What to do:
Transcribe only the part of the material below that begins at the line containing "Hier finden Sie" and ends at the line containing "Main Room (Open", with both kept and images left out.

Provided material:
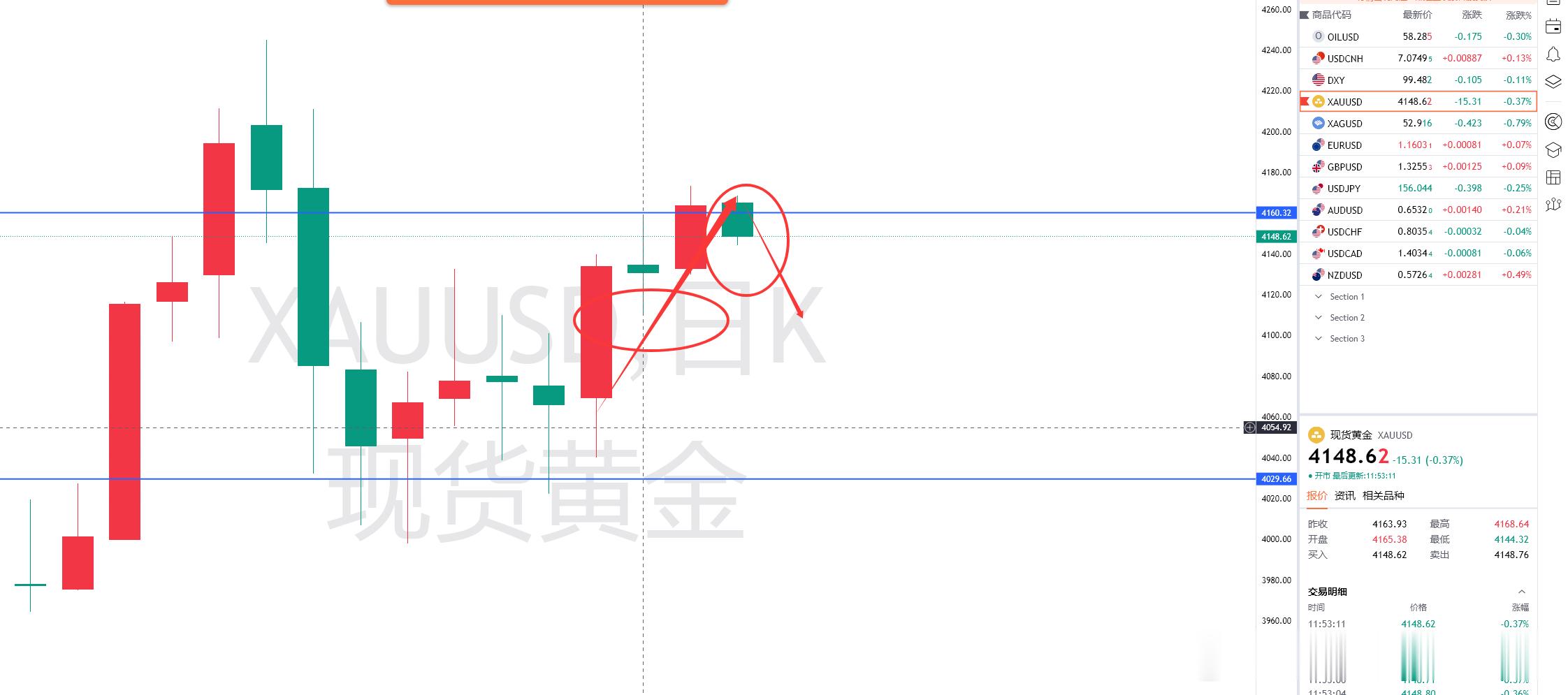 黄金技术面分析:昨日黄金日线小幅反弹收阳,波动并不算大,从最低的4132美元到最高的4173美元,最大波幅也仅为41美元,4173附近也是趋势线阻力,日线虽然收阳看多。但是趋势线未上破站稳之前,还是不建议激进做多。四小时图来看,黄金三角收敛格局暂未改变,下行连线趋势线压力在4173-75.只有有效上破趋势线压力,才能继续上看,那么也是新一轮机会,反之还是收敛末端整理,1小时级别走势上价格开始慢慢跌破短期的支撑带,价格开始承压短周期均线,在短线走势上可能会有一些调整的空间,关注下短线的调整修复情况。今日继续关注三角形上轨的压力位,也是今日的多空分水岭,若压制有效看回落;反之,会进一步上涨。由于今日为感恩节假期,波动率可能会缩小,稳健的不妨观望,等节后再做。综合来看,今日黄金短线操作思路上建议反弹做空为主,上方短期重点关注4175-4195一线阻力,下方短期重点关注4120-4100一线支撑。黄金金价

==

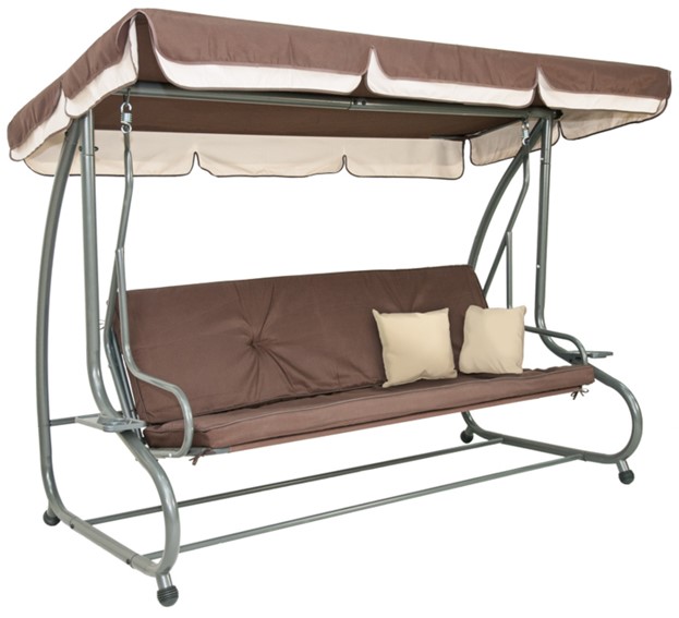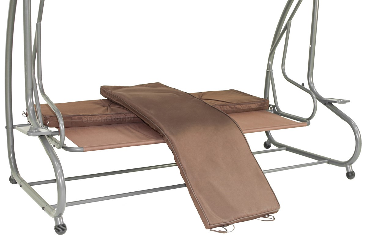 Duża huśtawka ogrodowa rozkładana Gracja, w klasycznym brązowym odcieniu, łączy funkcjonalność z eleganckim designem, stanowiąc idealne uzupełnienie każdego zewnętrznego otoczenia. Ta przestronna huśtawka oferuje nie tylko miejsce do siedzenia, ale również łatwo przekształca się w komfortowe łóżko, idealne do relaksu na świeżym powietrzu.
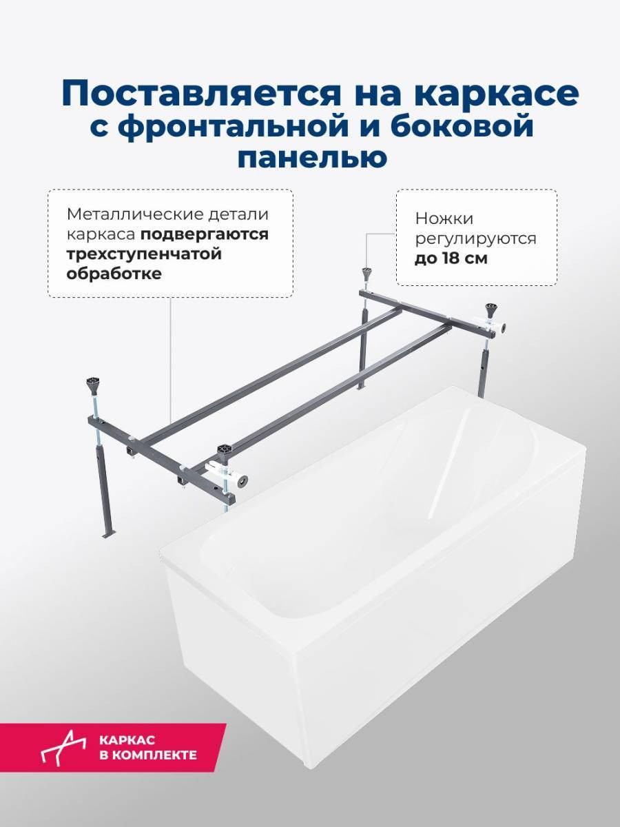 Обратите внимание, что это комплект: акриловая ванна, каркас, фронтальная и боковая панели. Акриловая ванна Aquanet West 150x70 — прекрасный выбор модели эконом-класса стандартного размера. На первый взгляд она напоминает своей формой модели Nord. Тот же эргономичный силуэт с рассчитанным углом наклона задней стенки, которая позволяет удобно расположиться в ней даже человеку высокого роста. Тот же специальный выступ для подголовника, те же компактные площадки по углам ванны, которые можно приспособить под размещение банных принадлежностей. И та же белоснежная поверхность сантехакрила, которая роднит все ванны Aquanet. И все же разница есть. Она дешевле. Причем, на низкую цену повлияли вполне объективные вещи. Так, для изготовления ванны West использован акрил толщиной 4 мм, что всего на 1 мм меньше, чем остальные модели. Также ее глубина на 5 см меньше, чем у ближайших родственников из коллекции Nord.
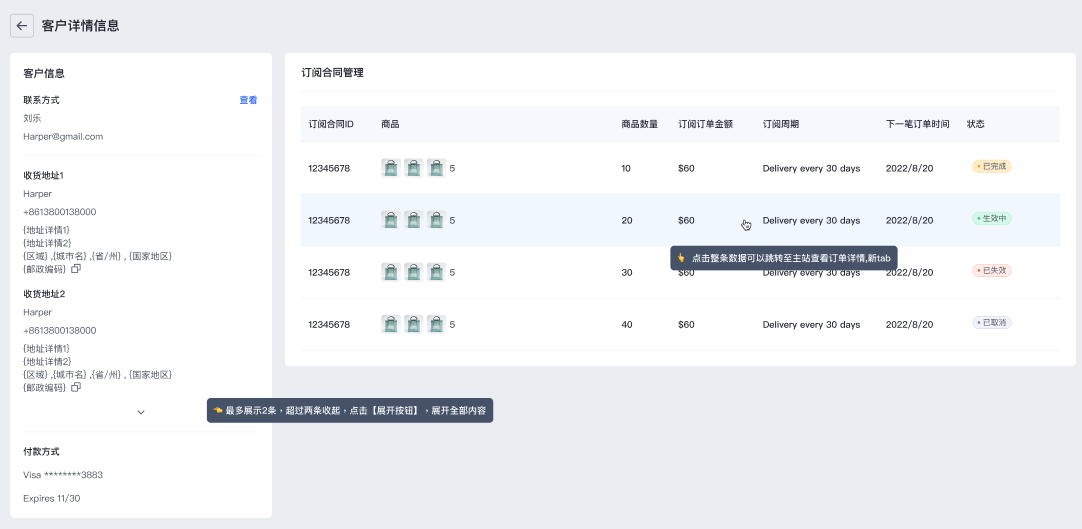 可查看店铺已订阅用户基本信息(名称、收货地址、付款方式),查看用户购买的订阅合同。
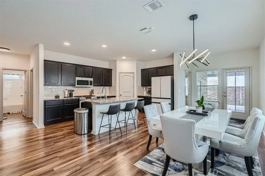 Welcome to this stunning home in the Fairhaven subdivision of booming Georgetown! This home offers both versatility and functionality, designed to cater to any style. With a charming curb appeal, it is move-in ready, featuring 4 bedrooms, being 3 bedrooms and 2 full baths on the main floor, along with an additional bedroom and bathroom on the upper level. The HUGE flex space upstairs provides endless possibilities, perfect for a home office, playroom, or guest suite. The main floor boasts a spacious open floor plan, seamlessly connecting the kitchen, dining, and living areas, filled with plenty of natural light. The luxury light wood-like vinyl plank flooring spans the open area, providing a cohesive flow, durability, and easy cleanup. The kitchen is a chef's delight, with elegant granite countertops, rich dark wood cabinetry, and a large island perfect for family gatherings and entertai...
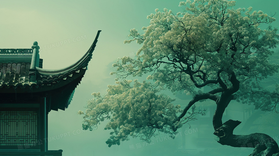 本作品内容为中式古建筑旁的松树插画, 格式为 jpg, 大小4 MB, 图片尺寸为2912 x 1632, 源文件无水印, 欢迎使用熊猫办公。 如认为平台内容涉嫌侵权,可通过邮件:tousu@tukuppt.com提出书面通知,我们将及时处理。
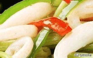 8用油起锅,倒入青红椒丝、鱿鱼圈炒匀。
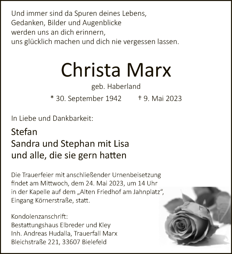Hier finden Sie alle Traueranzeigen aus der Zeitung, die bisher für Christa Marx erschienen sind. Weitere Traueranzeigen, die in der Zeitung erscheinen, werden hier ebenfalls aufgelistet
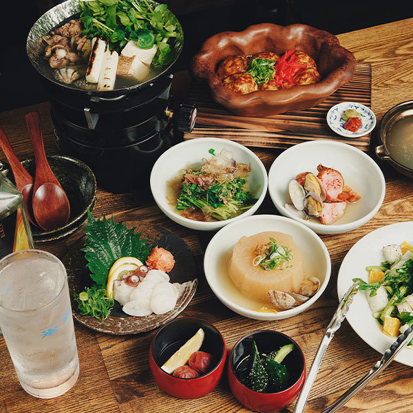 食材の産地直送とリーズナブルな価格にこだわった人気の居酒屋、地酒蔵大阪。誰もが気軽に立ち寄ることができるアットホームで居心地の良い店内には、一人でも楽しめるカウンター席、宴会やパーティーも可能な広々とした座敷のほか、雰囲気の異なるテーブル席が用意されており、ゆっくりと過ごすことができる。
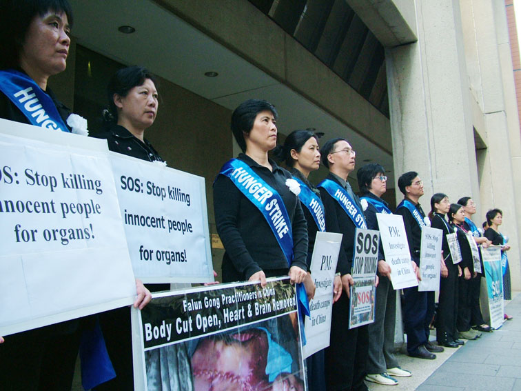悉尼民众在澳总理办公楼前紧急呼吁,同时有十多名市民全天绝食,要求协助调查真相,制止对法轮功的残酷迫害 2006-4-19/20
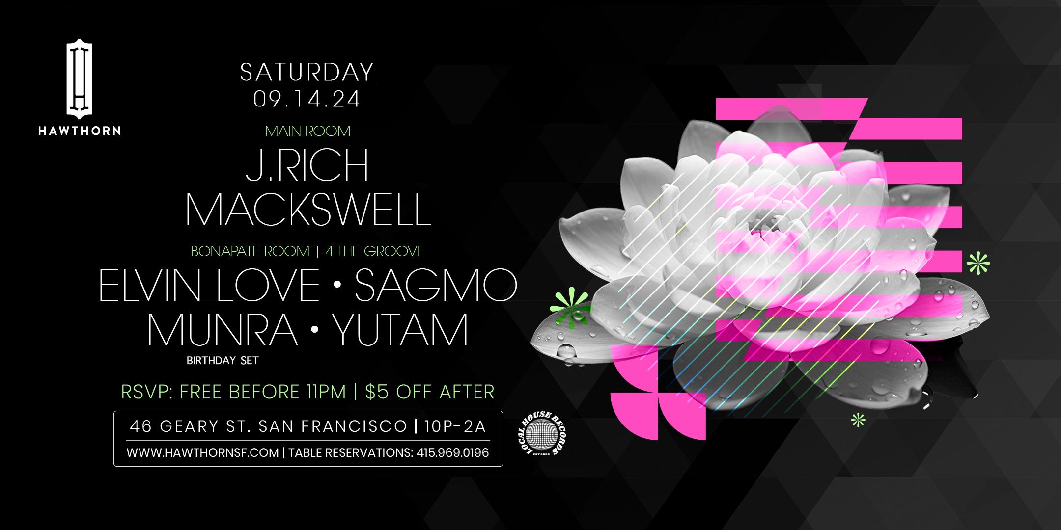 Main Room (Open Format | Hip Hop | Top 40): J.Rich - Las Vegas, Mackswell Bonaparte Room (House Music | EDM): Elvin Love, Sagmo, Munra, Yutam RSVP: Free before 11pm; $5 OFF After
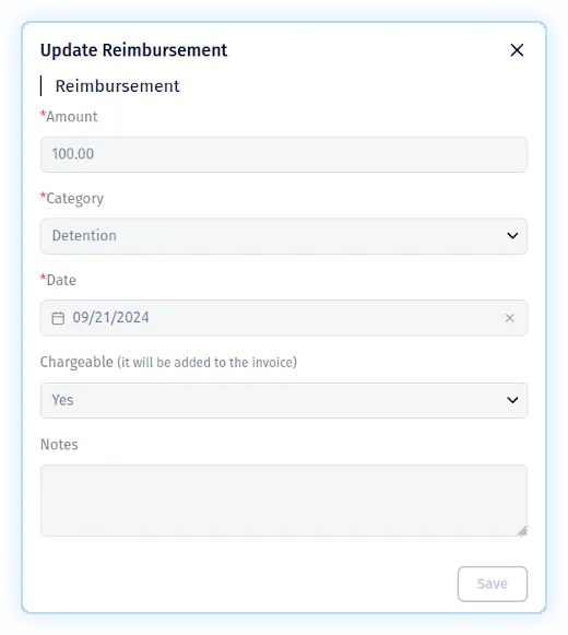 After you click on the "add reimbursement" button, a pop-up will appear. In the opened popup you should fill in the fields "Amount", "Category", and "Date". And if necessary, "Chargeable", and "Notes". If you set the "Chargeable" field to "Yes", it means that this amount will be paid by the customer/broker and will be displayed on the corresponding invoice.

==

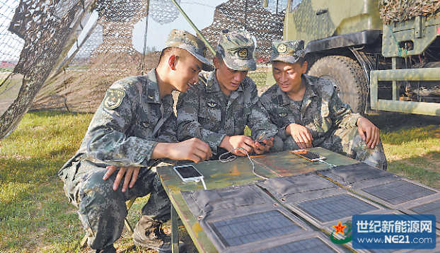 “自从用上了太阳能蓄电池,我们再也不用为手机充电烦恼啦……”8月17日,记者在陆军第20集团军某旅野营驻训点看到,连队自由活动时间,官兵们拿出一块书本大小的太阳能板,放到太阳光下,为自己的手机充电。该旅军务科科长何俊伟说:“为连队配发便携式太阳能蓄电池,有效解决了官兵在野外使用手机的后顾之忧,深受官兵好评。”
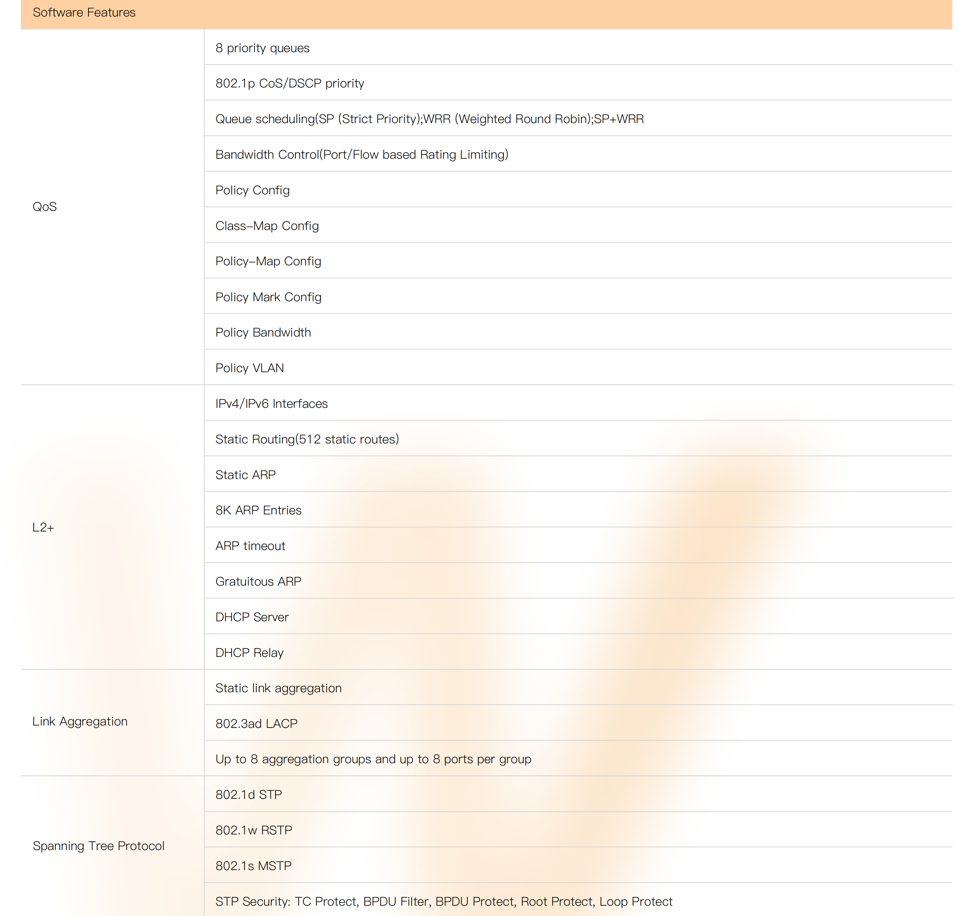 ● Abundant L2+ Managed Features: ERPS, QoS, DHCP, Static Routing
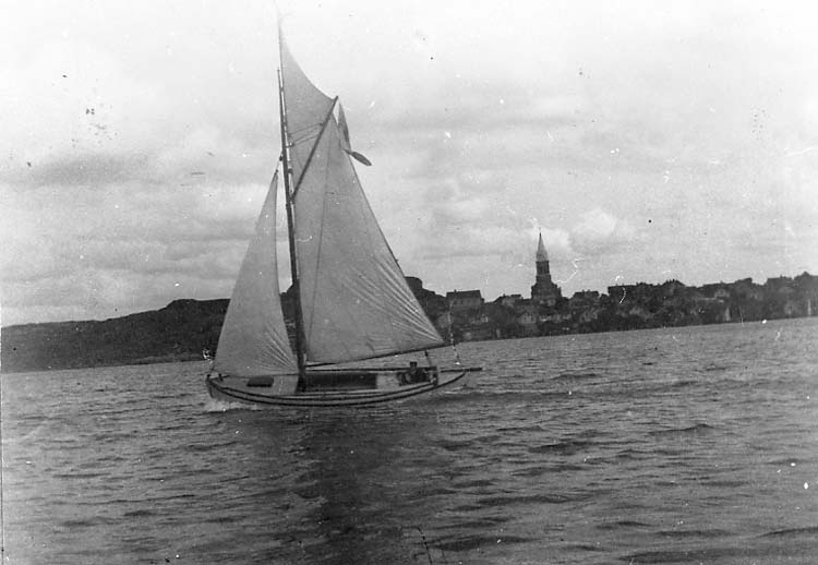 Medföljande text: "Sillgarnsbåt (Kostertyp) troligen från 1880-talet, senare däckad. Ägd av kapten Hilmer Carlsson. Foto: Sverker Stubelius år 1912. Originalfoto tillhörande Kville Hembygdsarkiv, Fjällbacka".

Task output:
Hier finden Sie alle Traueranzeigen aus der Zeitung, die bisher für Christa Marx erschienen sind. Weitere Traueranzeigen, die in der Zeitung erscheinen, werden hier ebenfalls aufgelistet
 食材の産地直送とリーズナブルな価格にこだわった人気の居酒屋、地酒蔵大阪。誰もが気軽に立ち寄ることができるアットホームで居心地の良い店内には、一人でも楽しめるカウンター席、宴会やパーティーも可能な広々とした座敷のほか、雰囲気の異なるテーブル席が用意されており、ゆっくりと過ごすことができる。
悉尼民众在澳总理办公楼前紧急呼吁,同时有十多名市民全天绝食,要求协助调查真相,制止对法轮功的残酷迫害 2006-4-19/20
 Main Room (Open Format | Hip Hop | Top 40): J.Rich - Las Vegas, Mackswell Bonaparte Room (House Music | EDM): Elvin Love, Sagmo, Munra, Yutam RSVP: Free before 11pm; $5 OFF After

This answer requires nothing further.